REPORT AND RECOMENDATION ON
DEFENDANTS’ MOTION TO DISMISS AMENDED COMPLAINT (DKT. #49)
N. Reid Neureiter
United States Magistrate Judge
This case is before the Court pursuant to an Order (Dkt. #51) issued by Judge
William J. Martinez referring Defendants Rick Raemisch, Sean Foster, Theordor [sic]
Lawrence, Denise Asher, Captain Bosley, Sgt. Aragon, Major Bucholtz, and Deborah
Borrego (collectively “Defendants”) Motion to Dismiss Amended Complaint. (Dkt. #49.)

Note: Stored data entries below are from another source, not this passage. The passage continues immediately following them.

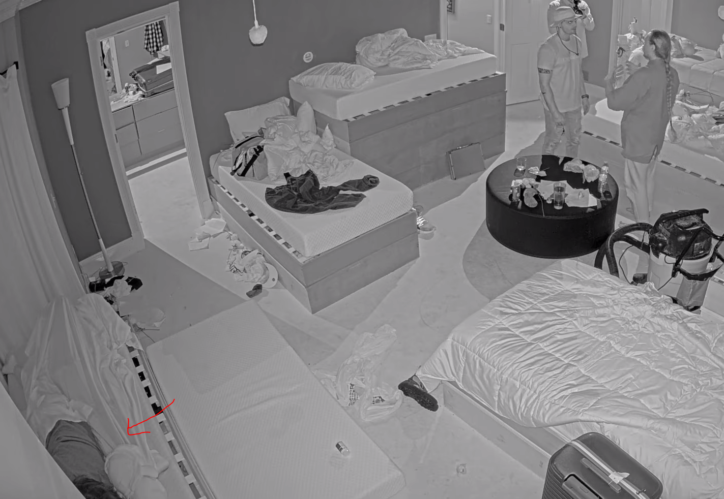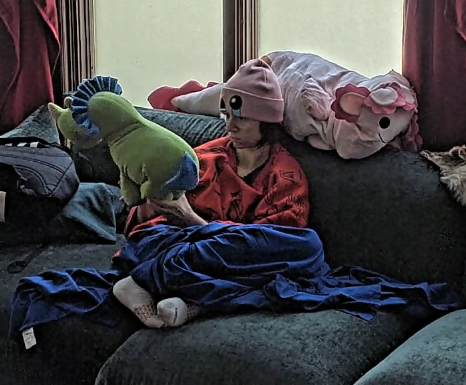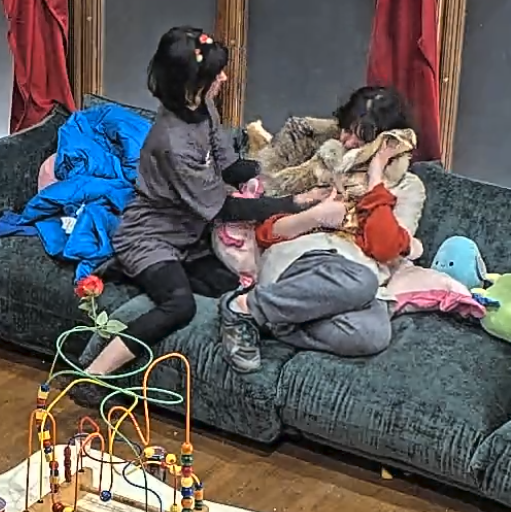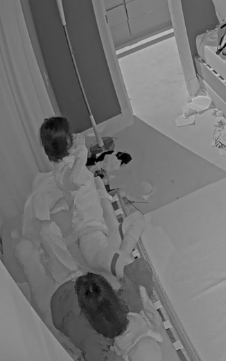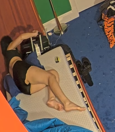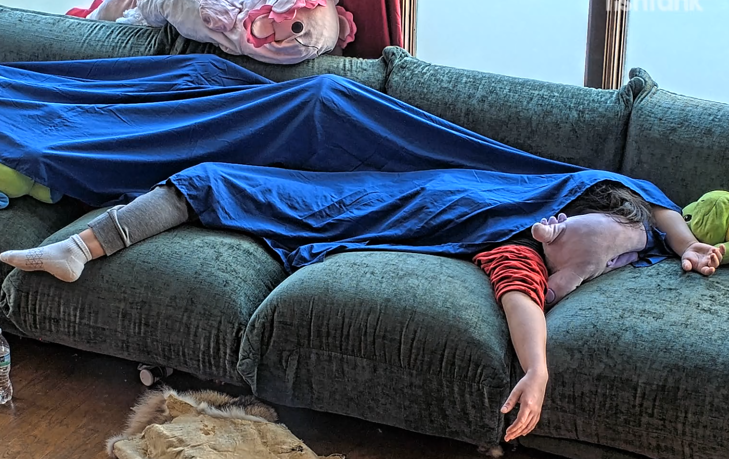 >>219035303Sleeping in the bed with her sister. She’s the head poking out on the bed on the floor.
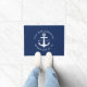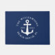 家族の名前、年と州のテンプレートと白いいかりを持つネイビーブルーと白のドアマットは、ビーチハウスの屋外の装飾のための完璧なアイディアである。船主の素晴らしアイディアでもある。
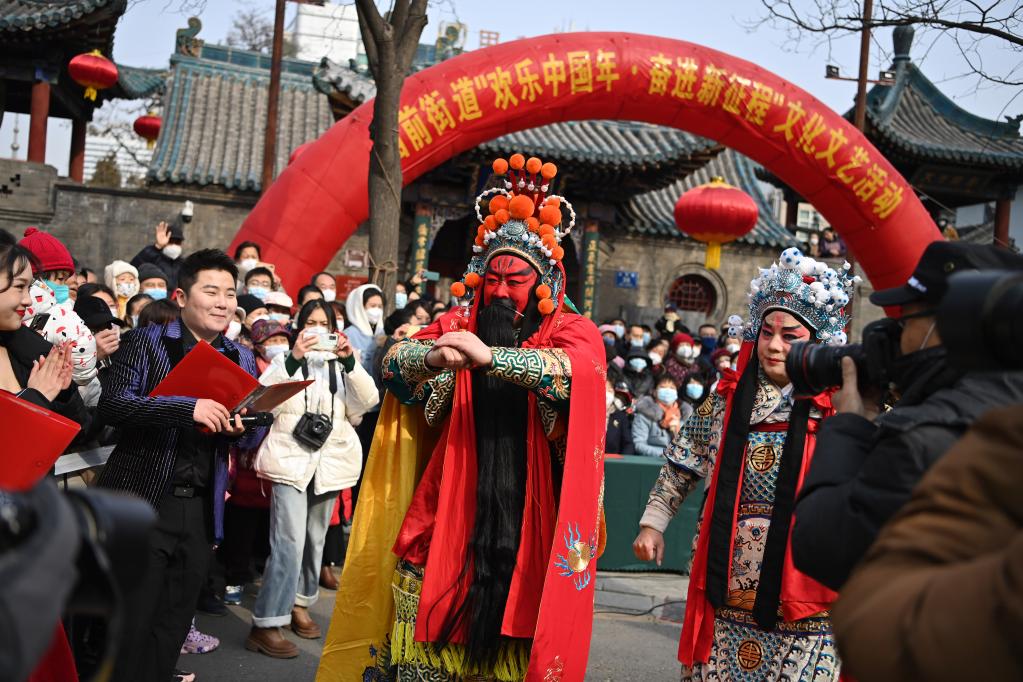 日前,山西太原市迎泽区庙前街道举办的民俗活动中,晋剧戏歌《千秋关圣》吸引了在场观众。
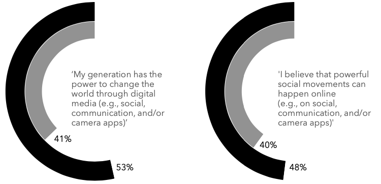 此外,不少Z世代用户表示,数字媒体与线上沟通平台增强了他们改变现实的热情与决心。在网络世界,他们找到与自己三观相符的伙伴,并加入这个兴趣社区。这种集体身份的确立有助于他们将想法付诸实践。53%的Snapchat用户认为可以通过在社交媒体的发声来推动变革。

The Court has carefully considered the motion and Plaintiff Daniel James Vigil’s
response. (Dkt. #60.) On February 13, 2019, the Court heard argument on the subject
motion. (Dkt. #63.) The Court has taken judicial notice of the Court’s file, considered the
applicable Federal Rules of Civil Procedure and case law, and makes the following
recommendation.
1
I. BACKGROUND
a. Procedural History
Mr. Vigil, proceeding pro se, initiated this case on June 15, 2018. (Dkt. #1.) On
June 20, 2018, Judge Lewis T. Babcock dismissed his claims against Defendants Rick
Raemisch and Sean Foster, and the remaining claims were drawn to Magistrate Judge
Michael J. Watanabe. (Dkt. #5.) Upon Judge Watanabe’s retirement, the case was
reassigned to me on August 15, 2018. (Dkt. #22.) Soon thereafter, Defendants moved
to dismiss Mr. Vigil’s Complaint and asked the Court to stay discovery pending a ruling
on the motion. (Dkt. ##28 & 30.) The Court granted the motion to stay. (Dkt. #36.) In
response to Defendants’ motion to dismiss, on September 28, 2018, Mr. Vigil filed an
Amended Complaint pursuant to Fed. R. Civ. P. 15(a)(1)(B). (Dkt. #45.) On October 19,
2019, Defendants filed the subject motion to dismiss. (Dkt. #49.)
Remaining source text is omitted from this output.